Kara Haber

1.9K 94 17
                                    

Bir aydan fazla oldu hiçbir temas kurmadım Yekta yla sanırım kabullenme evresindeyim. Kabullenmekten öte kabullenmek isteyip istemediğim mesele. Artık yavaş yavaş toparlanıyorum. Hiç böyle olacağını zannetmezdim ama Erdem in payı o kadar büyük ki bu ayrılığı kabullenme sürecim de anlatamam. Yani benim neden üzüldüğümü bile bilmiyor ama kötü olduğumun farkında. Gün içinde hüzünlü hüzünlü düşüncelere dalacağım tam artık içine mi doğuyor yoksa tesadüf mü anlamadım gitti evde değilse pat diye eve geliyor. Sürekli elimi tutuyor, sarılıyor, yemeğimi önüme getiriyor. İlk başlarda neyin var diye beni günde on beş defa falan daraltıyordu bu huyunu da bırakmış durumda.Hatta bir keresinde yanıma gelip "Ayrılmak mı istiyorsun?" Diye bile sordu. Bu soruyu sormadan önce epey düşündüğü belliydi. Sorduktan sonra yüzü öyle bi ifade almıştı ki sanırsınız cevabımın "Evet" olacağından emindi. Aylardır deneyipte yapamadığım fırsat farkında olmadan elime geçmişti ama gel gelelim ki bu sefer de ben "Evet" diyemedim. Ona sarıldım ve "Senden ayrılmak isteyeceğim en son şey bile değil." Dedim. Nasıl mutlu olup sarılmıştı bana öyle dediğimde.. Arada Vcd'ye  Film takıyor beni kolunun arasına alıp birlikte izliyoruz. Benim aklım filmde değil tabi ama sonra sonra dikkatimi çekmiyor da değil. Yalnız seçtiği filmlerinin tek ortak yönü hepsinde yüksek dozda seks içerikli sahnelerin olması zevke falan gelip kucağına atlayacağımı düşünüyor galiba garibim. Ben ise o sahne oynanırken Yekta ile yaşanmamış sevişmemizin nasıl olacağını kurguluyorum kafamda. Alışmak ne kadar garip bir eylem değil mi ya? Ben değil bir ay bir gün Yekta sız durabilme gücüne sahip değilim zannederdim. Yanılmışım. Bakın dayanıyorum. Zor oluyor, ağlatıyor, bunaltıyor. Öldürmüyor ama yaşatmıyor da. Bana yine atarlansa keşke yanımda olsa. Ben onu azarlasam sonra ortak paydada buluşup koyun koyuna uyusak. Buse ile hâla sevgili mi? Bilmiyorum. Bana kızgın mı? Bilmiyorum. Kafamda ki soruların cevaplarını öğrenebilecek miyim? Bunu da bilmiyorum. Ah yine telefonum çalıyor. Heyecanlanma Tutku. Yekta değil. Heyecanlanma.. Mesut mu? Ne alaka. Bu karakter dersi veriyordu en son bana şimdi niye mesaj arıyor anlamadım. Telefonu istemeye istemeye açtım.
-Tutku?
-‎Efendim.
-‎İyi misin? Görünmüyorsun ortalıklarda da sebebini merak ettim. Pelin e sordum İzmir e gidip gitmediğini..o da gitmedi dedi. Bende arayıp sorim dedim merak ettim.
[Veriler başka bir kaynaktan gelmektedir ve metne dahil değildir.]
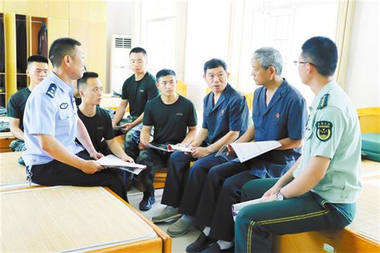 7月26日上午,太康縣人民法院的法官們來到縣武警中隊,為武警官兵提供法律咨詢和服務(wù)活動,解決他們在日常工作、生活中遇到的法律問題,并向他們贈送《軍人維權(quán)指南》《法律小常識》等有關(guān)法律書籍及慰問品,受到了熱烈歡迎。圖為該院法官向武警官兵講解法律常識。
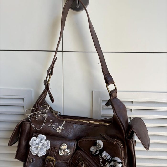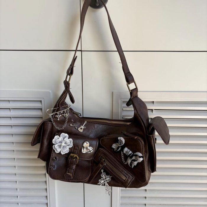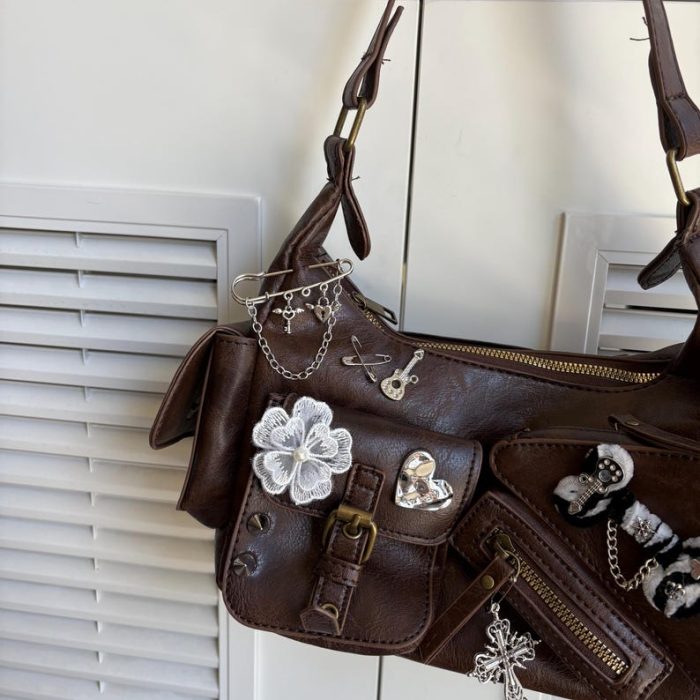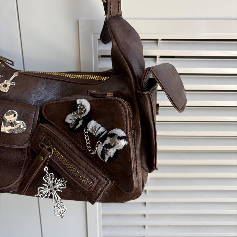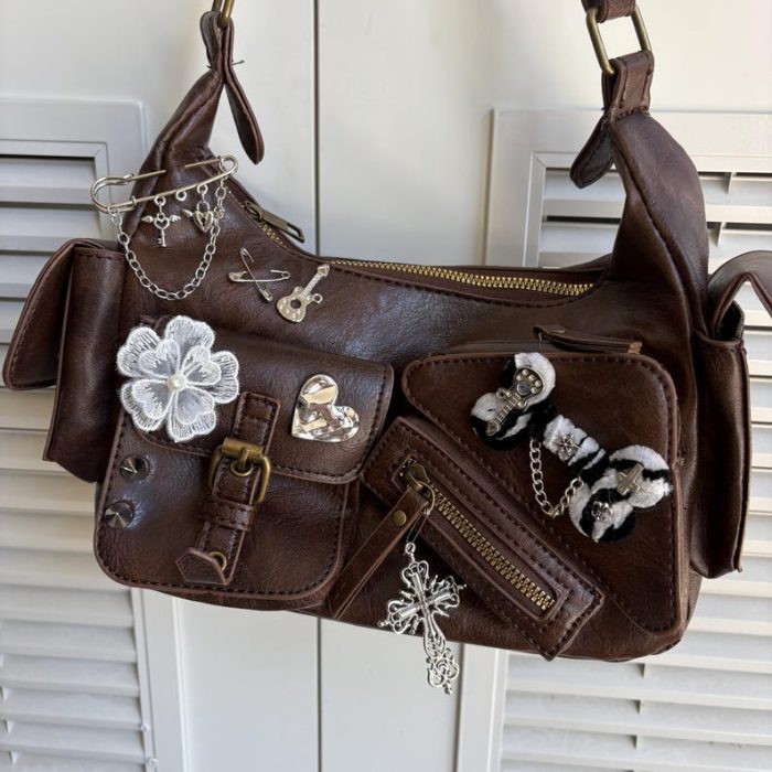 Túi xách kẹp nách handmade mang phong cách Punk và Y2K, là phụ kiện độc đáo để bạn thể hiện cá tính mạnh mẽ, nổi bật. Chiếc túi này phù hợp để đi chơi, dự tiệc hay dạo phố, thu hút mọi ánh nhìn.

Sanane be yalak desem çok mu kaba davranmış olurum acaba ya. Ayy ne diyebilirim ki yani. Orospu ablan yüzünden yokum ortalıklarda da diyemem. "Aaa..şey ben iyiyim. Sevgilimin yanında kalıyorum."
Saçma sapan hal hatır sorma faslını geçtikten sonra sâdede gelebildi.
"Uzun zamandır görüşemiyoruz. Bir kahve?" Bu ne biçim buluşma teklifi böyle be nescafe reklamı gibi. "Ayy Mesut inan çok işlerim var hem evde hem dışarıda..ııı daha saçlarımı kestirmeye gideceğim kuaföre." Buluşmamak için böyle salak bir yalan uydurmakta anca benim aklıma gelebilirdi. "Eeee ne güzel işte birlikte gideriz kuaföre ben de sakal traşı olurum." Hehhh ohhh oldu sana Tutku şimdi çık bakalım işin içinden çıkabilirsen.. Tüm çabalarıma rağmen bir saat sonra Mesut un yanında bir kuaför salonunun baş müşterisiydim. Kuaförlerin çoğu çok salak olmuyor mu ya? Adama saçımın önünden az kes diyorum öyle bir kesiyor ki kafamın önünde ki saçları görmek için büyüteç kullanmam gerekiyor. İnşAllah bu onlardan biri değildir.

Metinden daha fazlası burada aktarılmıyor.